Drop every image, then reproduce the data exactly as given.
### Input records
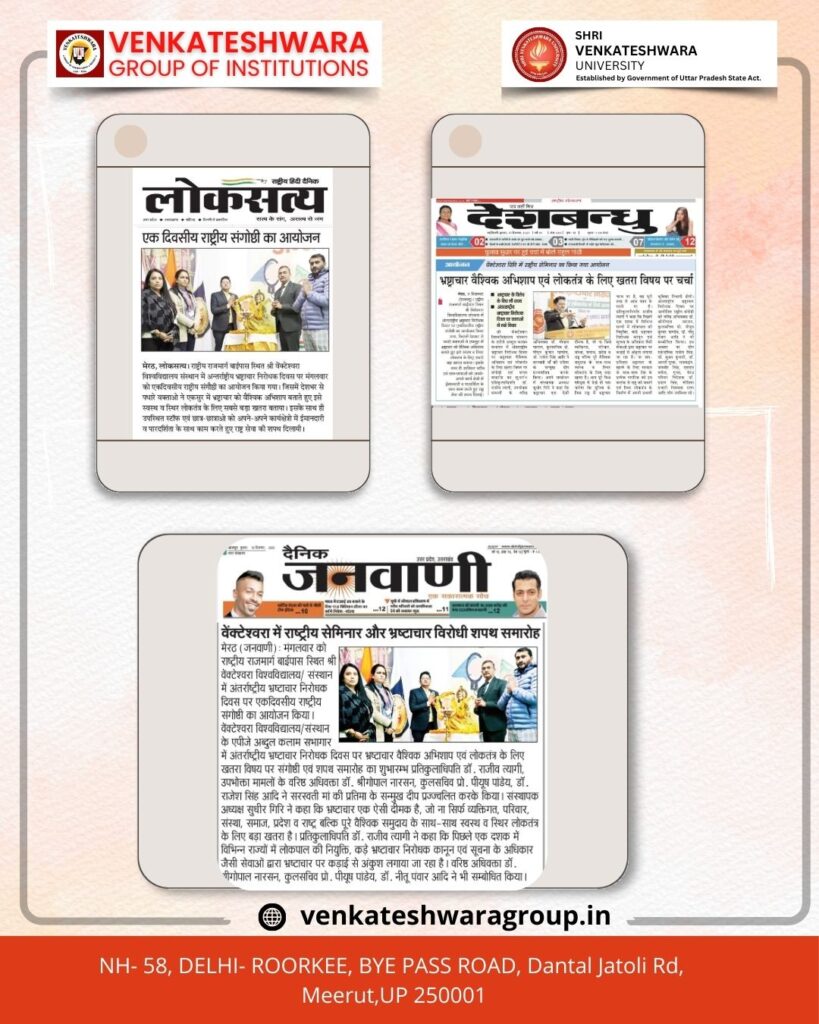 Shri Venkateshwara University/Institute hosted a seminar titled “Corruption is a Global Curse and a Threat to Democracy” for International Anti-Corruption Day 2025.
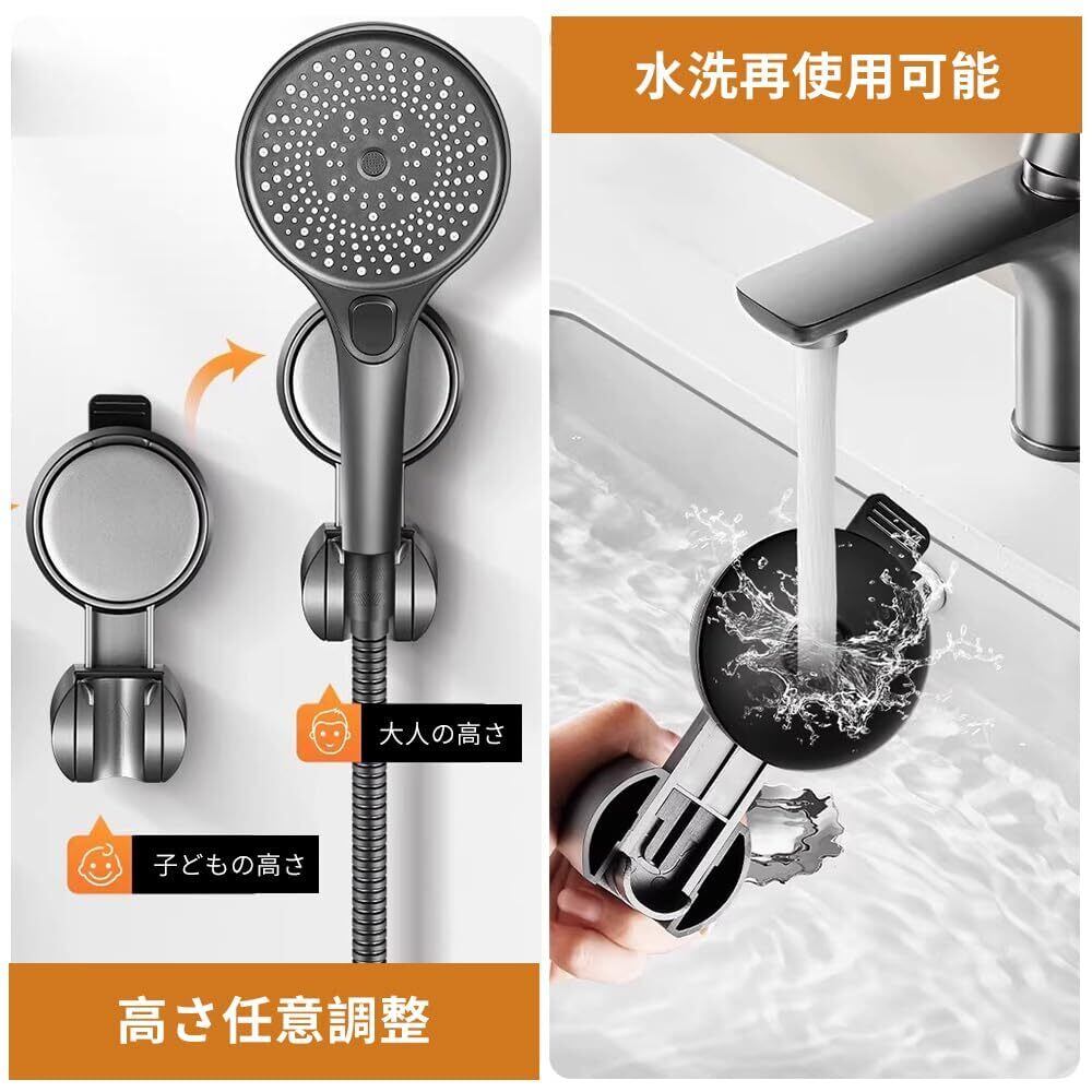 シャワーフック シャワーホルダー 強力真空吸盤 穴あけ不要 取り外し可能 高さ 角度調整可能 壁取り付け 吸盤フック 取付簡単 繰り返し使用可能 耐水性 耐湿性 汎用 浴室用 ペット 大人 子供用
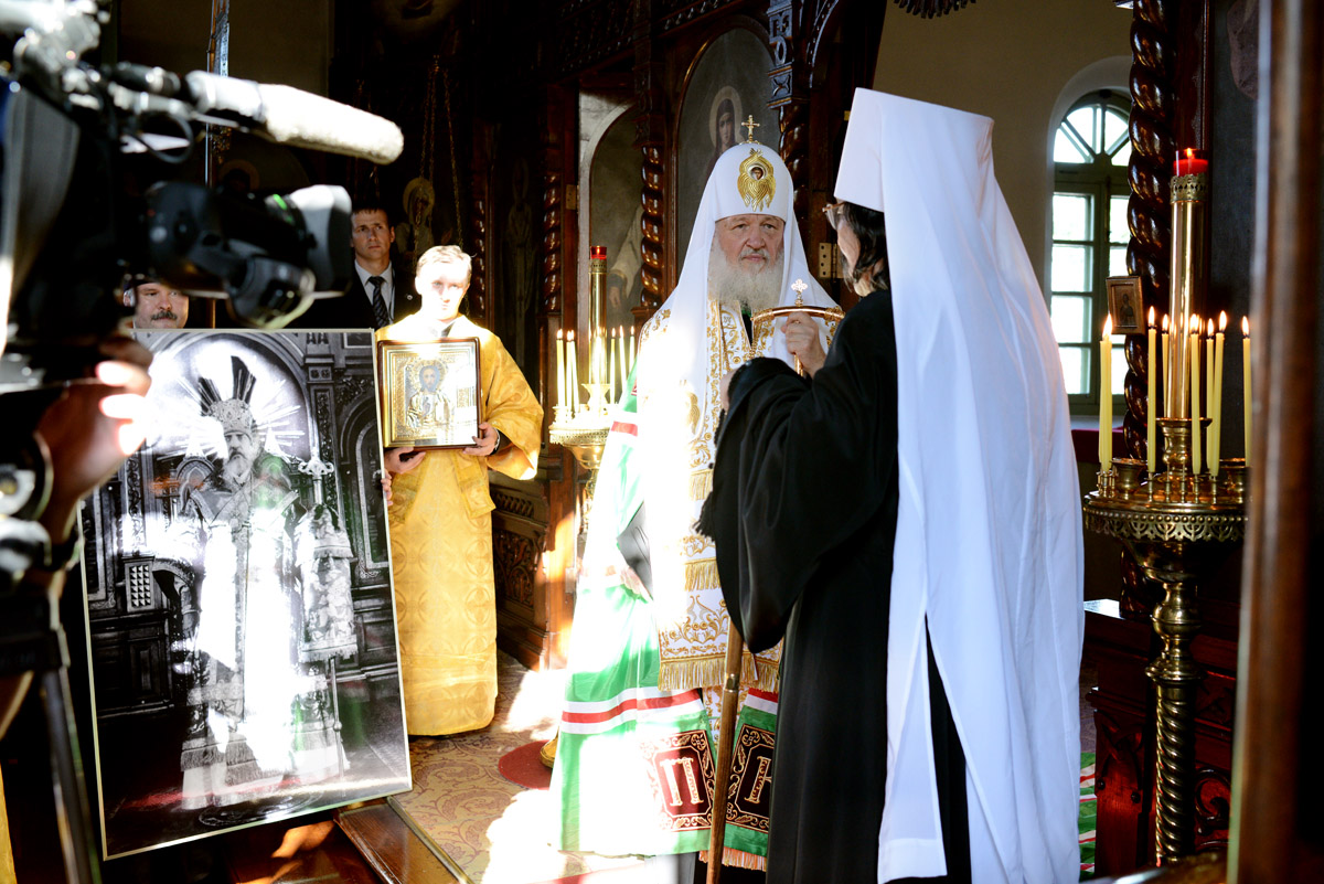 На память о посещении храма в Хакодате митрополит Даниил преподнес Святейшему Патриарху фотопортрет святого равноапостольного Николая.
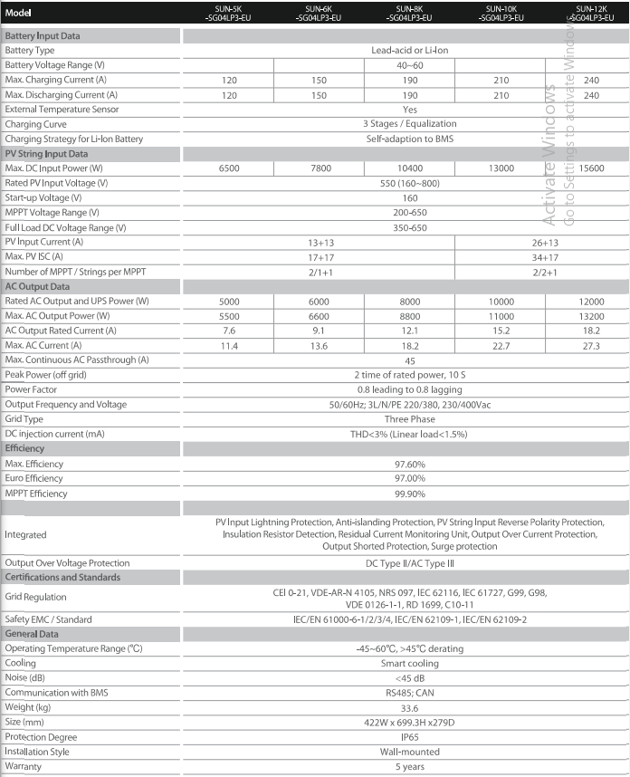 Thông số kỹ thuật Inverter Hybrid Deye 12kW SUN-12K-LP3-EU-AM2
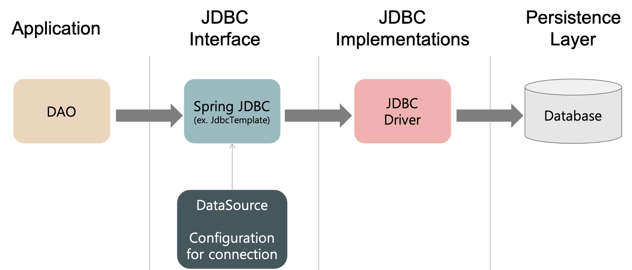 Spring JDBC는 다음과 같은 흐름을 가지고 있습니다.
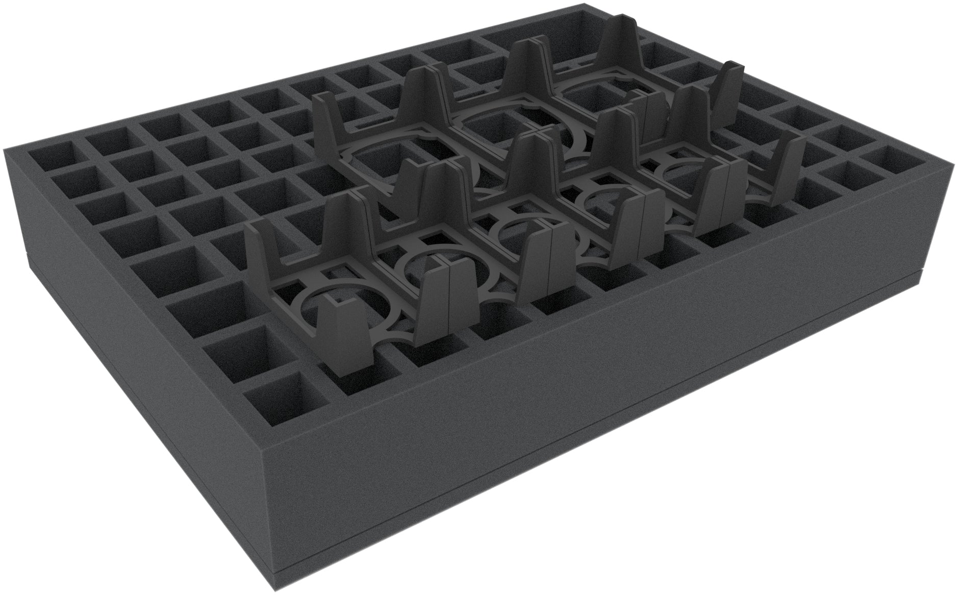 After you have accommodated miniatures and the small-sized game material in the foam tray, you secure the tray with the included foam topper. This will prevent figures from breaking off during transport or bumping into the lid of the Storage Box.
######
## Solution to this exercise
 Shri Venkateshwara University/Institute hosted a seminar titled “Corruption is a Global Curse and a Threat to Democracy” for International Anti-Corruption Day 2025.
 シャワーフック シャワーホルダー 強力真空吸盤 穴あけ不要 取り外し可能 高さ 角度調整可能 壁取り付け 吸盤フック 取付簡単 繰り返し使用可能 耐水性 耐湿性 汎用 浴室用 ペット 大人 子供用
 На память о посещении храма в Хакодате митрополит Даниил преподнес Святейшему Патриарху фотопортрет святого равноапостольного Николая.
 Thông số kỹ thuật Inverter Hybrid Deye 12kW SUN-12K-LP3-EU-AM2
 Spring JDBC는 다음과 같은 흐름을 가지고 있습니다.
 After you have accommodated miniatures and the small-sized game material in the foam tray, you secure the tray with the included foam topper. This will prevent figures from breaking off during transport or bumping into the lid of the Storage Box.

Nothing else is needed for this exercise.